Terri has suffered an enormous injury to the very core of her being. When someone is injured thusly, in such a severe manner--I'm sorry I can't suggest references right now, other than some writings from holocaust survivors--the tendency is not to cry out for one's spouse. No, the utter catastrophic character of the injury violently transports a mature adult human being way back in time...past marriage, past youth, to the earliest consciousness of childhood, and threatens even that: "Mommy! Mommy! Help me!", puts to words the terror of a child who is more scared than she ever was during her original childhood and life to this point. The degree of injury is so profound, that it's even pre-verbal, a turning toward her mother, even though her damaged brain can no longer express that terror through facial expression. Terri doesn't need a husband right now; she needs her mom and dad, the people who brought her into this world and loved her as an infant, and to which state she has regressed. Whether that state can ever be progressed from again, is not something I can venture an answer to. I can only say, in view of the fact that her parents very much want to care for her, that to end her life now under force of court order falls short of the dignified death that the court intends, though the elaborate language and procedure of the legal system is engaged here almost as a form of end-of-life ritual. Rather, it is additional trauma to her and to those who believe a living part of her is still inside. It is a ritual culminating in a death chamber not all that dissimilar from the death chamber in capital punishment. After legal process gives way to medical procedure, death takes somewhat longer here than the few minutes from that of lethal injection.

I urge immediate action by the legislative branch on this issue, though the courts will no doubt resist.
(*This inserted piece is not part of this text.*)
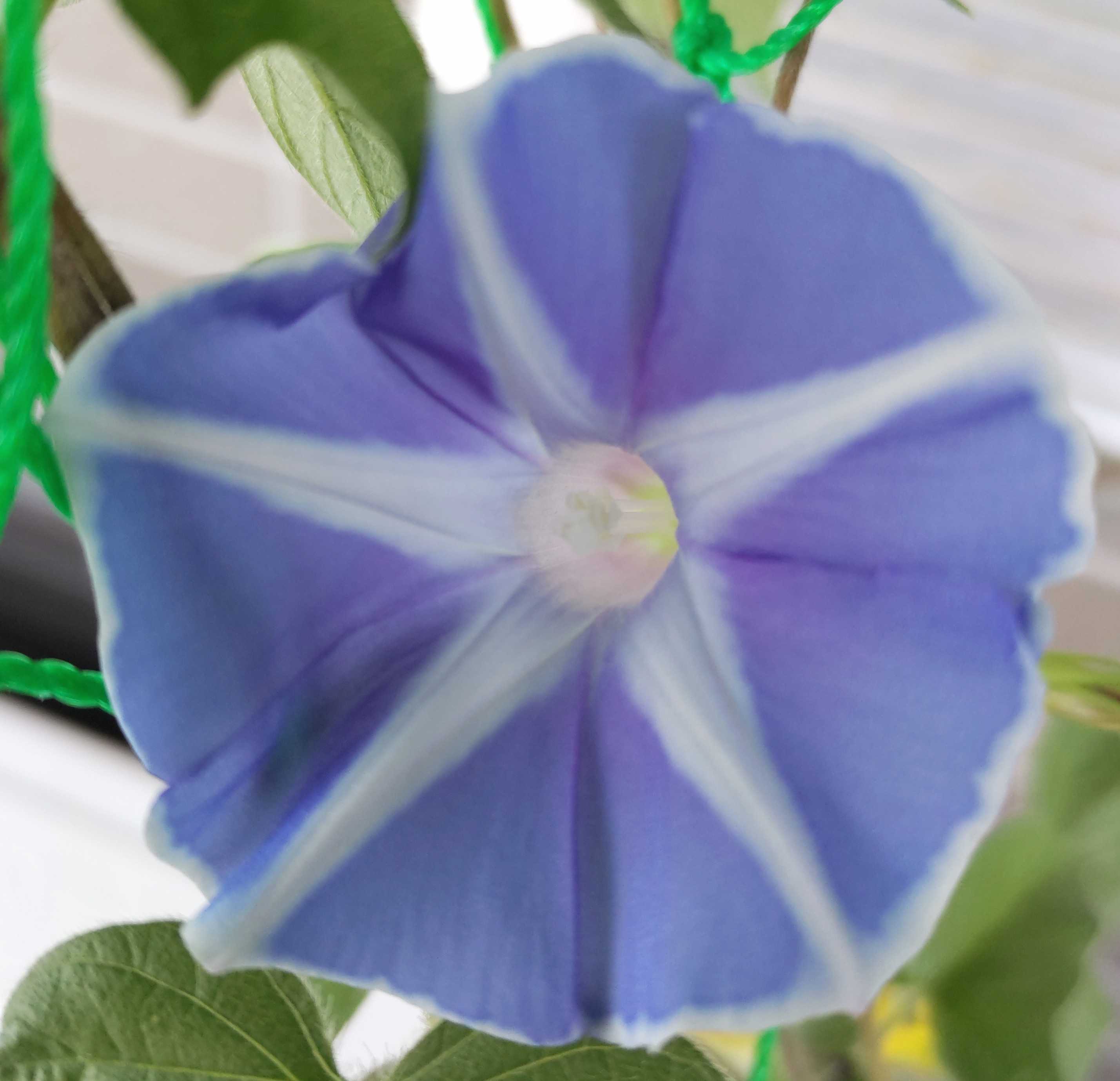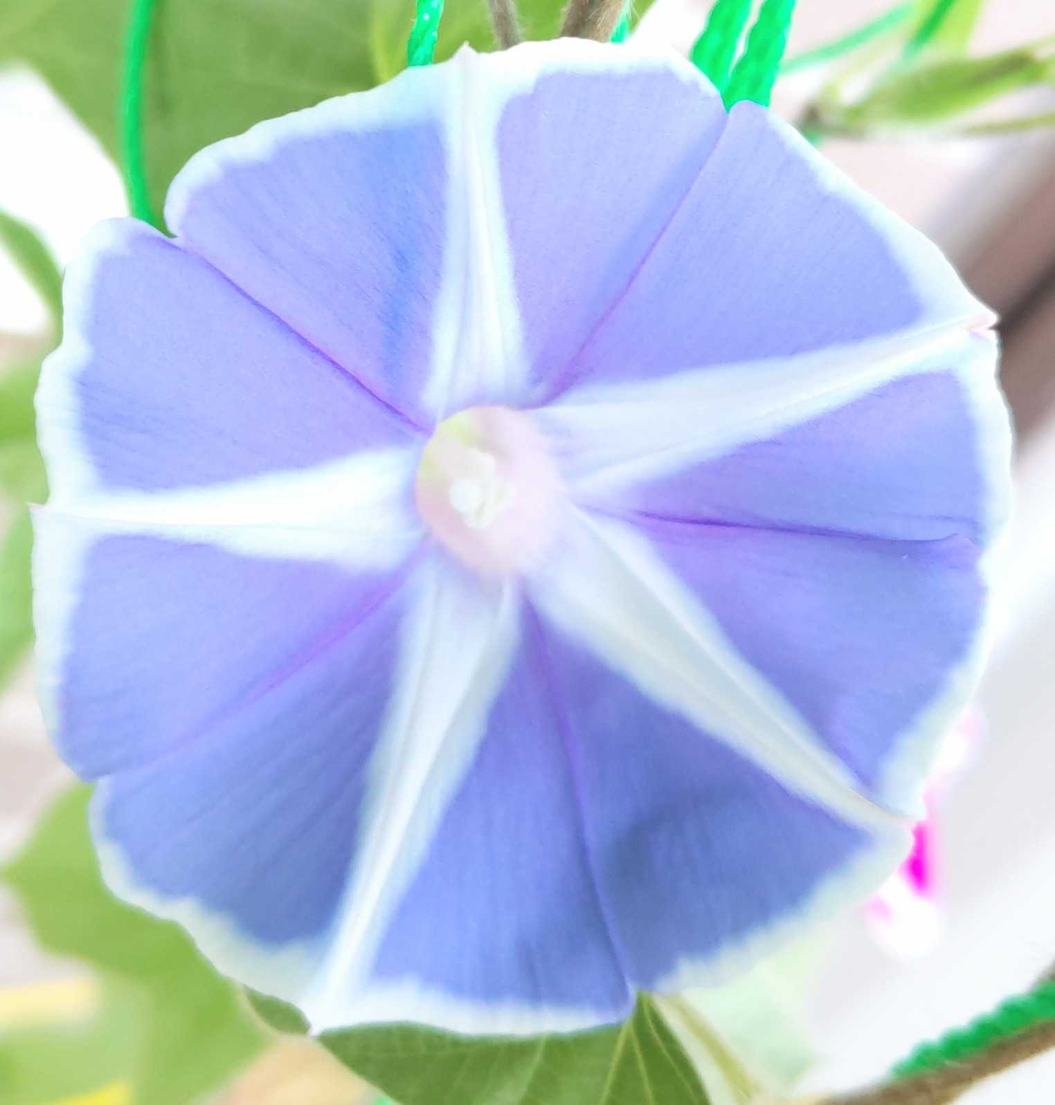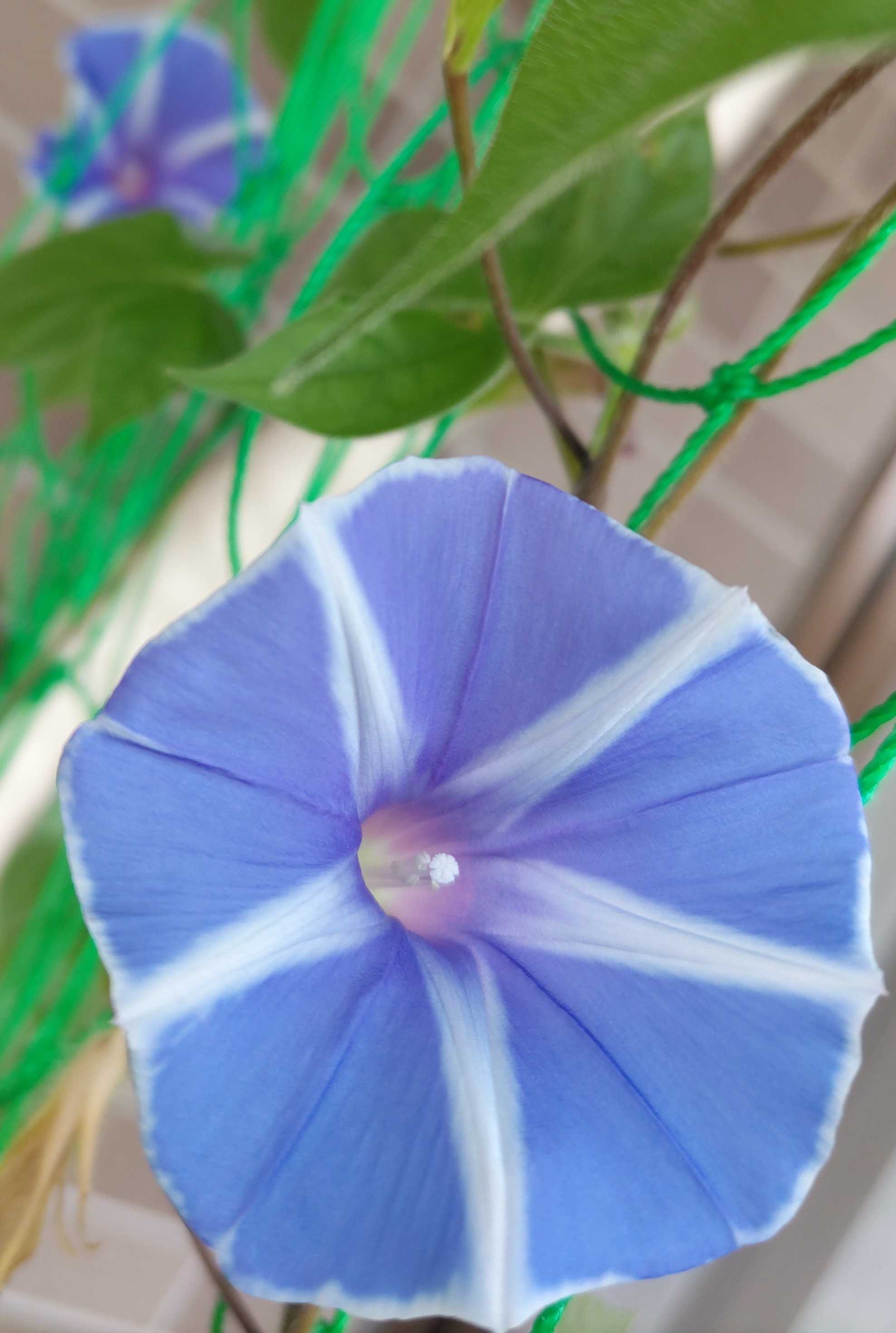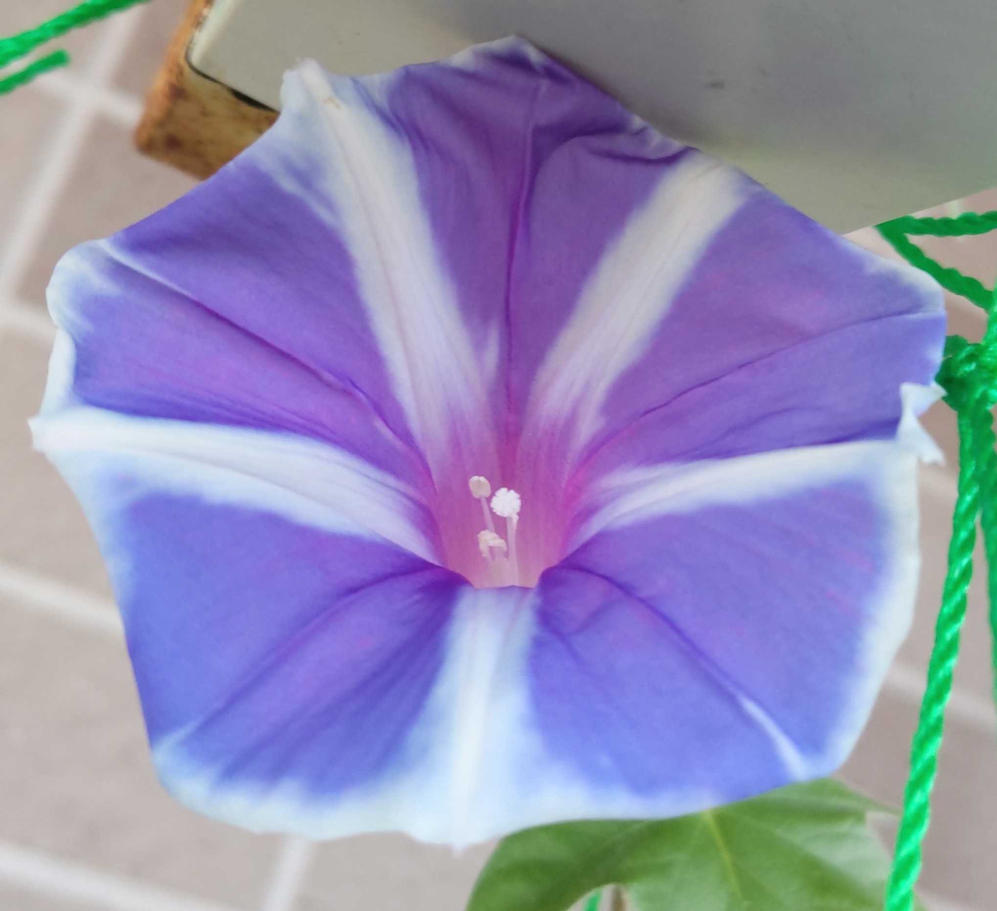 最初に咲いた青紫のアサガオと色は同じだけど、白い部分の面積が少なめのが開花した。これはこれで美しい。狂ったように暑いマッドネスサマーでも頑張っているアサガオを、心の底から尊敬してしまう。

This is a very time-sensitive issue, dictated by the laws of physiology, laws that supersede those of any court. I am reminded of what Roy Masters used to say on his radio program: "Some people would rather be dead than wrong; what they don't realize is that they're going to be both dead and wrong!" I would add that apparently some would rather that Terri was dead than that they be wrong. I hope that dynamic will not determine the outcome here.